<<<<
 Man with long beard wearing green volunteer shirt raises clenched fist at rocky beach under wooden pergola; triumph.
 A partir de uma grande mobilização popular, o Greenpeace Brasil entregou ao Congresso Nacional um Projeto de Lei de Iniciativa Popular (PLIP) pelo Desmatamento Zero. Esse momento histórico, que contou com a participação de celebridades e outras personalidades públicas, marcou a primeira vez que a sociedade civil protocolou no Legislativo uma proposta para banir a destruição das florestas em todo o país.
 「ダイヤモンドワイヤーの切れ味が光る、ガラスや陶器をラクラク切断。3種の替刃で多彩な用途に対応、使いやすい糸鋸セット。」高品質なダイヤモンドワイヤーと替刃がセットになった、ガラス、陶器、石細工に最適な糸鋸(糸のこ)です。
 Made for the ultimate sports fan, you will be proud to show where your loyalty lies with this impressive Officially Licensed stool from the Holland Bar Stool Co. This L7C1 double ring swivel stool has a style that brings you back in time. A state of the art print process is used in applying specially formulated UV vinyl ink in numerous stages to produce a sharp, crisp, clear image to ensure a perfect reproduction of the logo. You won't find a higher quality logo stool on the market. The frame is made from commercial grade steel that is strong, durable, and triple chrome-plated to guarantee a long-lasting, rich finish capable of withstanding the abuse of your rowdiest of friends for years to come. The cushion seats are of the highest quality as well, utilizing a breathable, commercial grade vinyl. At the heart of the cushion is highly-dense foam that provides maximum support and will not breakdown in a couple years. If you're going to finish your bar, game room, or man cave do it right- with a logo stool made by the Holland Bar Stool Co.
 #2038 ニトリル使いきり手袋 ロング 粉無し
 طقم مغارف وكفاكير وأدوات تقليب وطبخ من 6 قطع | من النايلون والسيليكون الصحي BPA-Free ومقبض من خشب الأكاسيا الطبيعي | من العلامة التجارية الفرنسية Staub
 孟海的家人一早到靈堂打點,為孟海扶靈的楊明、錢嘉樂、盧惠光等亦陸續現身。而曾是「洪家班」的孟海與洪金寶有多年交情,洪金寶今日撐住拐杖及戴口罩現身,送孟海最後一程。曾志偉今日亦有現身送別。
>>>>
**WORK TASK:** Only lines with the word "long" go in the answer. Take them all from the entries above.

**FINISHED EXERCISE:**
 Man with long beard wearing green volunteer shirt raises clenched fist at rocky beach under wooden pergola; triumph.
 Made for the ultimate sports fan, you will be proud to show where your loyalty lies with this impressive Officially Licensed stool from the Holland Bar Stool Co. This L7C1 double ring swivel stool has a style that brings you back in time. A state of the art print process is used in applying specially formulated UV vinyl ink in numerous stages to produce a sharp, crisp, clear image to ensure a perfect reproduction of the logo. You won't find a higher quality logo stool on the market. The frame is made from commercial grade steel that is strong, durable, and triple chrome-plated to guarantee a long-lasting, rich finish capable of withstanding the abuse of your rowdiest of friends for years to come. The cushion seats are of the highest quality as well, utilizing a breathable, commercial grade vinyl. At the heart of the cushion is highly-dense foam that provides maximum support and will not breakdown in a couple years. If you're going to finish your bar, game room, or man cave do it right- with a logo stool made by the Holland Bar Stool Co.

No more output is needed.